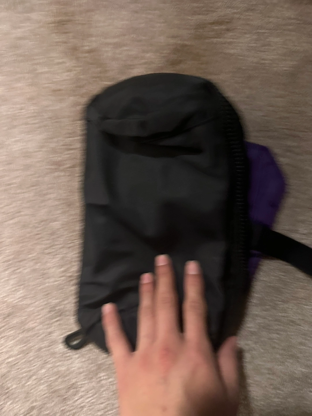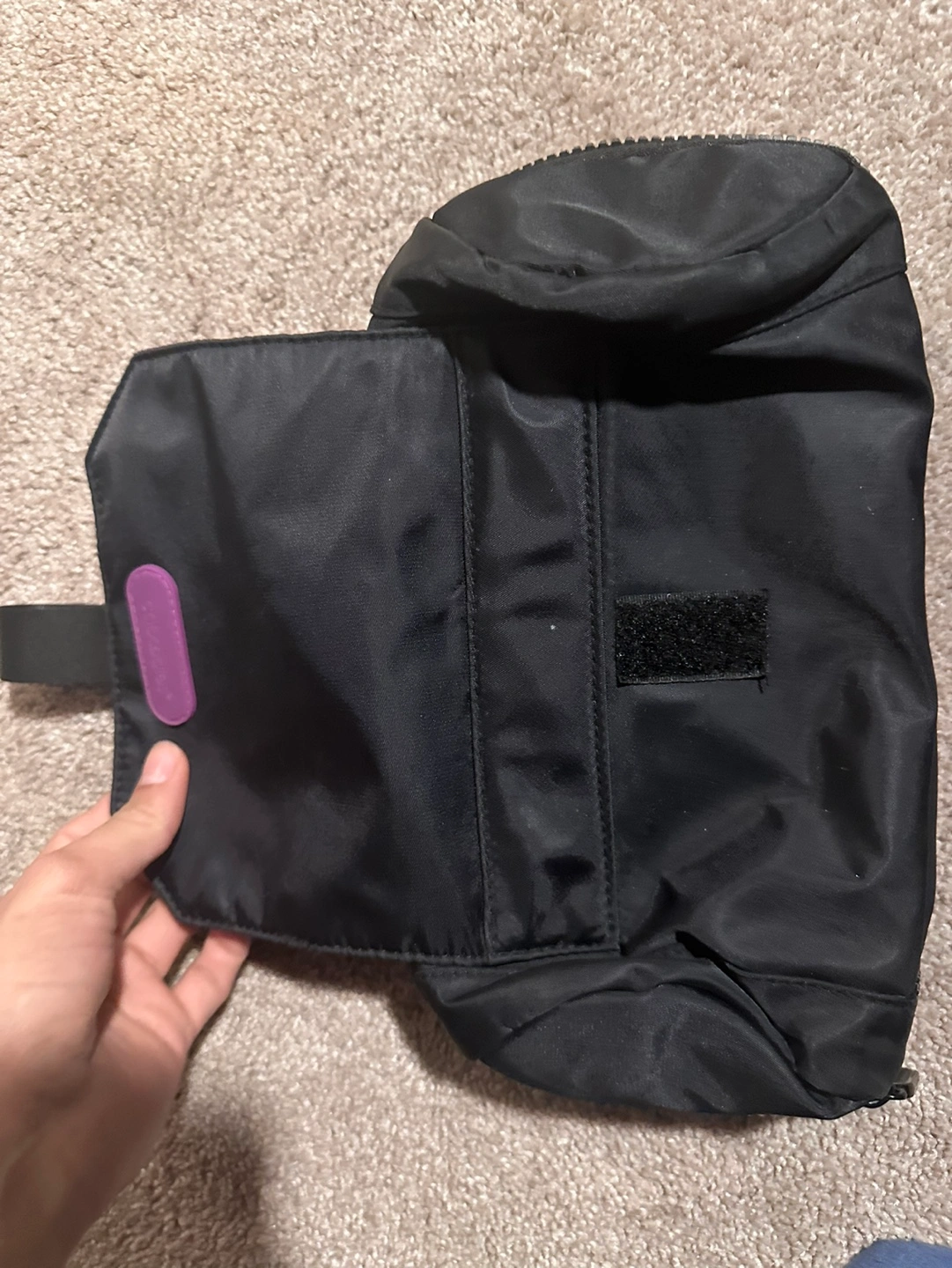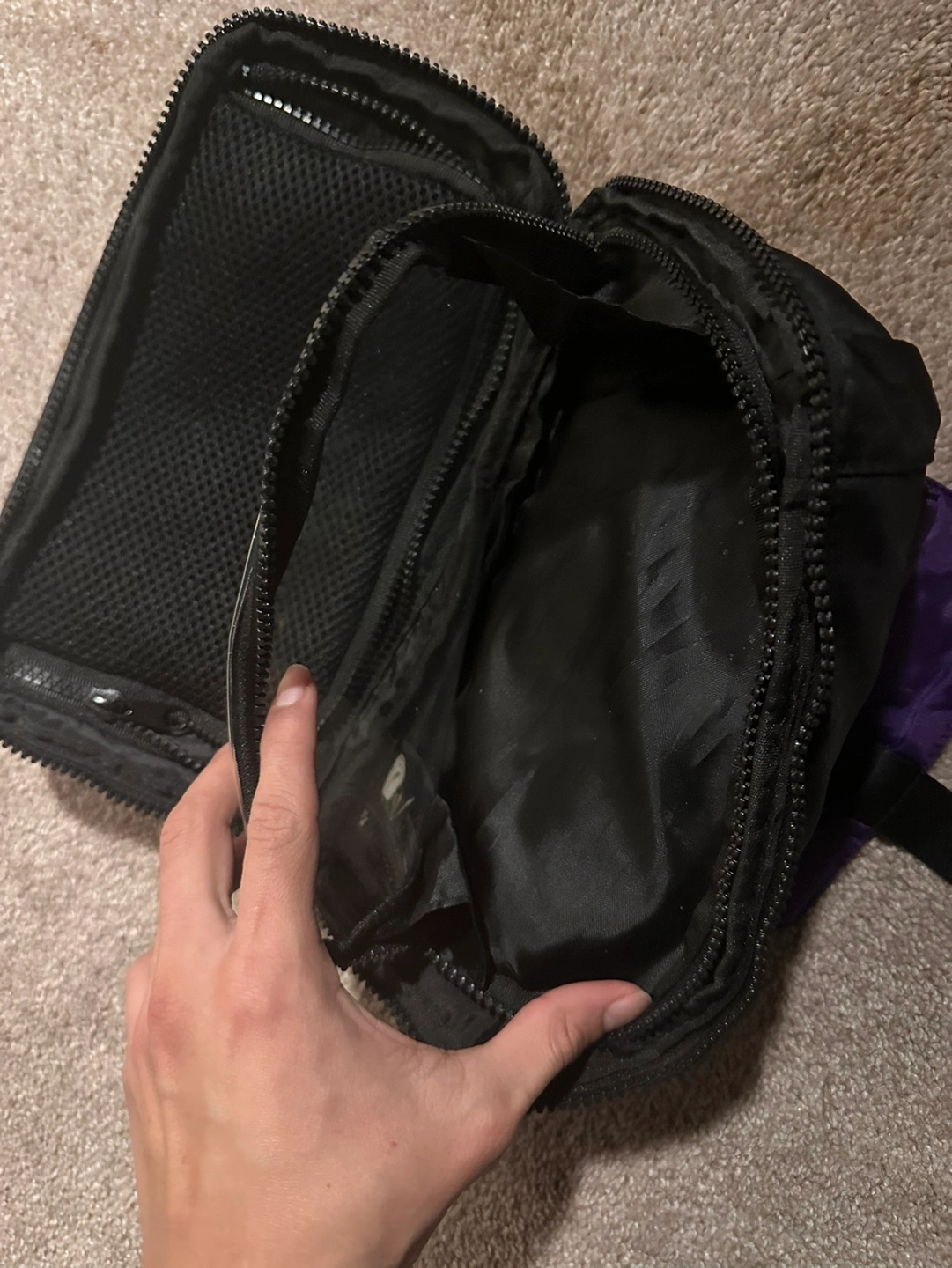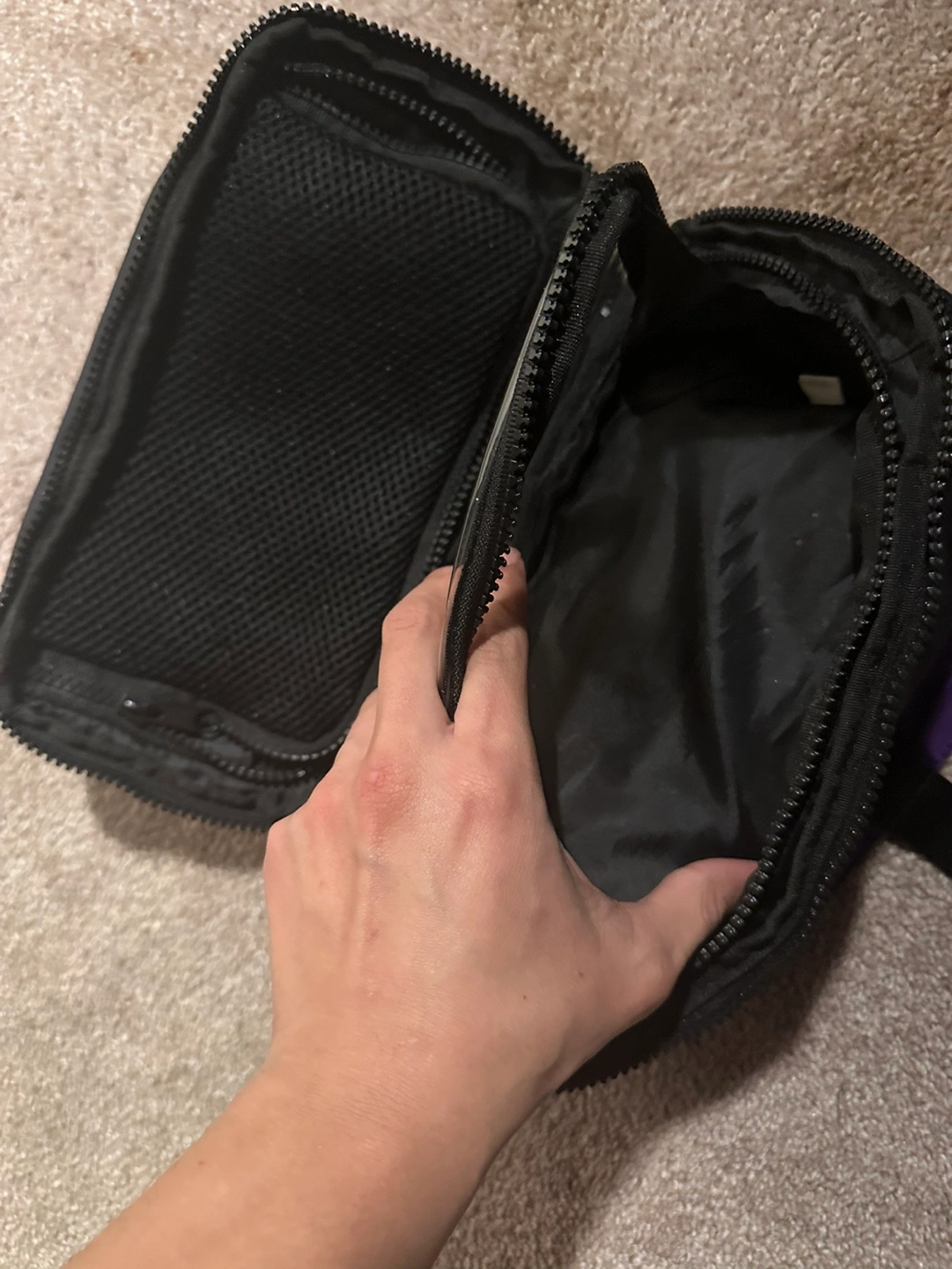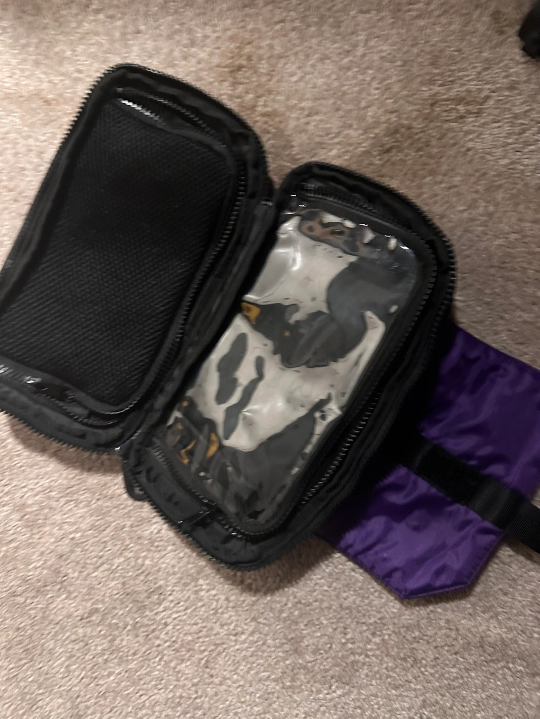 Black nylon travel makeup bag. Multiple zippered compartments. Interior mesh and clear plastic pockets. Purple accents. Small and lightweight.
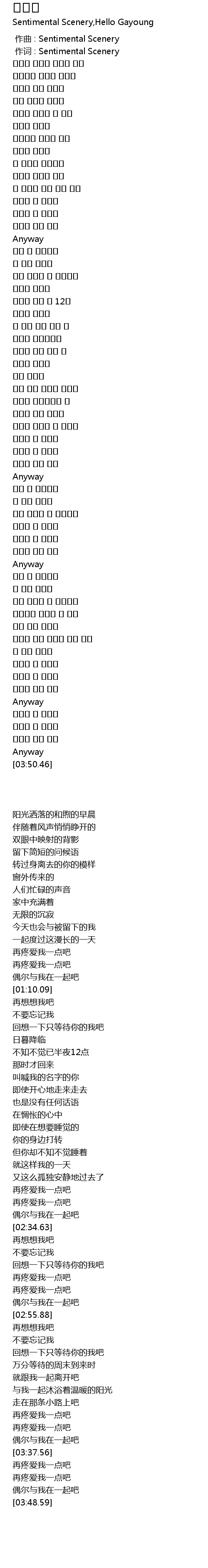 | [00:01.00] | 作词 : Sentimental Scenery |
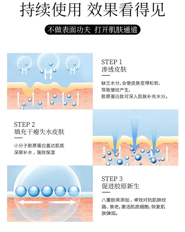 ✅水解胶原➕棕榈酰四肽-7➕棕榈酰五肽-4 提高肌肤的弹性,脸蛋肌肤更加丰盈饱满
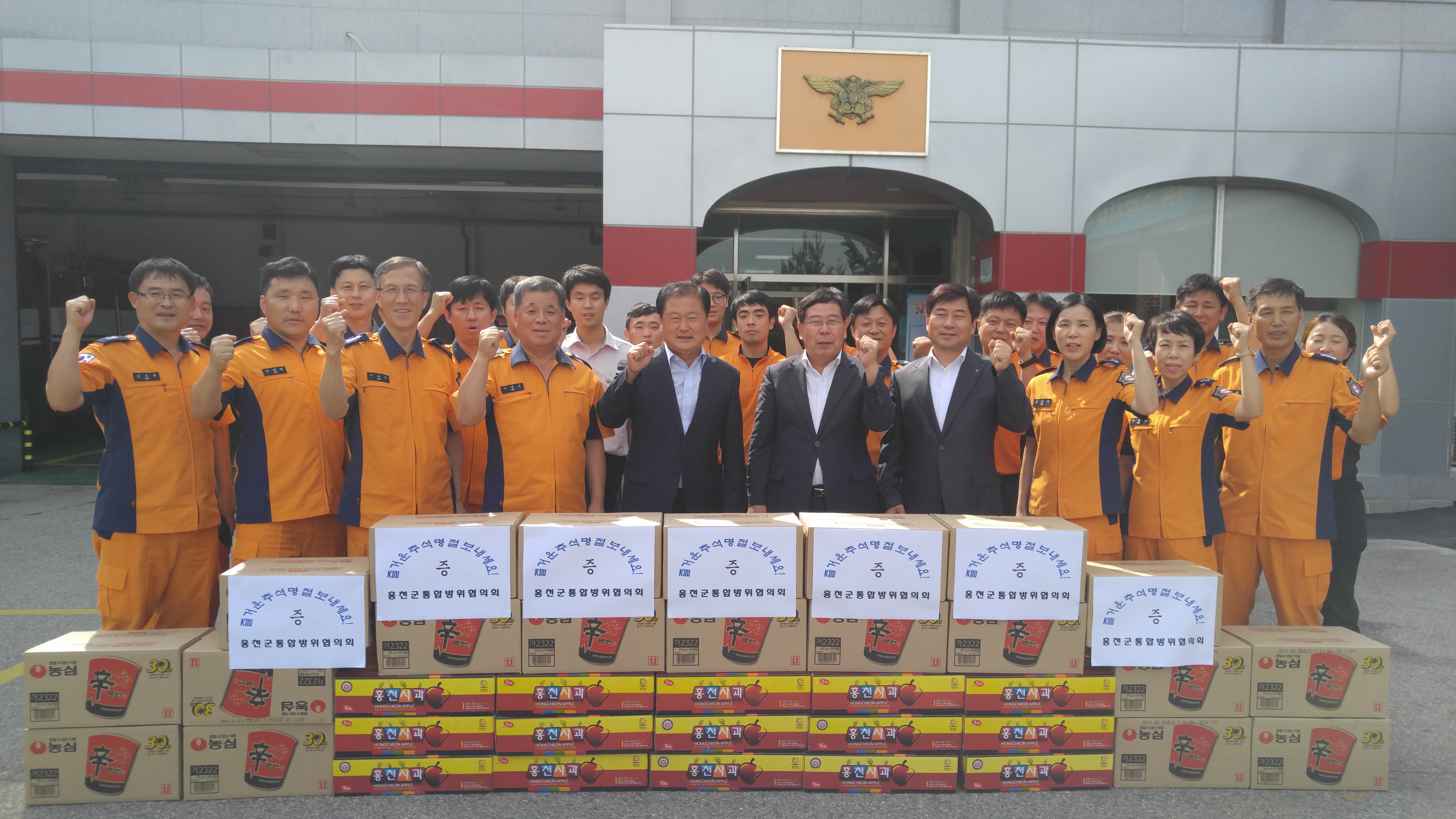 추석명절을 맞이하여 홍천군통합방위협의회(노승락 홍천군수, 신동천 홍천군의장, 허병희 농협은행 홍천군지부장)이 홍천소방서를 방문하여, 위문품을 전달하였다.
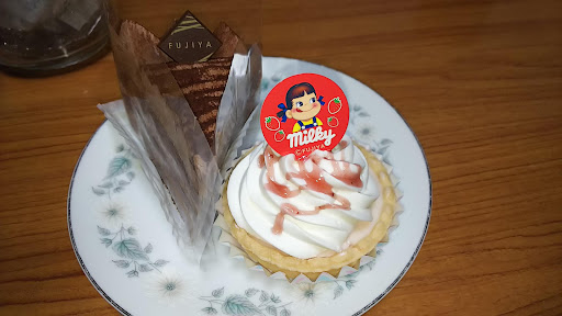 Read moreわが家から、1番近い不二家でほんのちょっとした手土産にはちょうど良いのでよく買うお店です。 明るい雰囲気ですし、ペコちゃんが、よくお洋服を着替えてきちんとしています。 今日は通り掛かるとマスクをしているので思わずUターンして覗きに行きました。可愛いマスクをしているので、このマスクを売っていたらもっと良いのにと思いましたね。子どもたちがワイワイとペコちゃんを撫でたりして、子どもたちのアイドルなのだと改めて思いました。 立ち寄って写真も撮ったから、ケーキを買いましたがケーキは甘ったるくてパサパサしていつも美味しくない。イチゴのショートケーキやらペコちゃんのほっぺ...
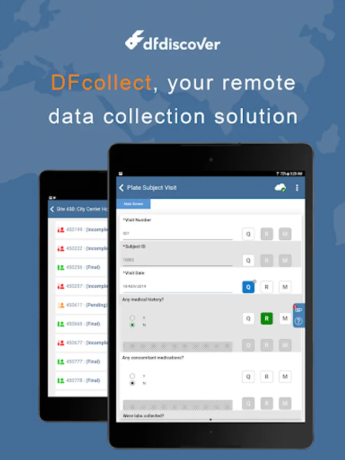 DFcollect is a data collection application. It allows users to perform online and offline data collection for a DFdiscover study.

☆ ☆ ☆ ☆

* [WHAT IS BEING ASKED] The answer must be an exact copy of the records, with no images in it.

* [OUTPUT FOR THIS TASK]
 Black nylon travel makeup bag. Multiple zippered compartments. Interior mesh and clear plastic pockets. Purple accents. Small and lightweight.
 | [00:01.00] | 作词 : Sentimental Scenery |
 ✅水解胶原➕棕榈酰四肽-7➕棕榈酰五肽-4 提高肌肤的弹性,脸蛋肌肤更加丰盈饱满
 추석명절을 맞이하여 홍천군통합방위협의회(노승락 홍천군수, 신동천 홍천군의장, 허병희 농협은행 홍천군지부장)이 홍천소방서를 방문하여, 위문품을 전달하였다.
 Read moreわが家から、1番近い不二家でほんのちょっとした手土産にはちょうど良いのでよく買うお店です。 明るい雰囲気ですし、ペコちゃんが、よくお洋服を着替えてきちんとしています。 今日は通り掛かるとマスクをしているので思わずUターンして覗きに行きました。可愛いマスクをしているので、このマスクを売っていたらもっと良いのにと思いましたね。子どもたちがワイワイとペコちゃんを撫でたりして、子どもたちのアイドルなのだと改めて思いました。 立ち寄って写真も撮ったから、ケーキを買いましたがケーキは甘ったるくてパサパサしていつも美味しくない。イチゴのショートケーキやらペコちゃんのほっぺ...
 DFcollect is a data collection application. It allows users to perform online and offline data collection for a DFdiscover study.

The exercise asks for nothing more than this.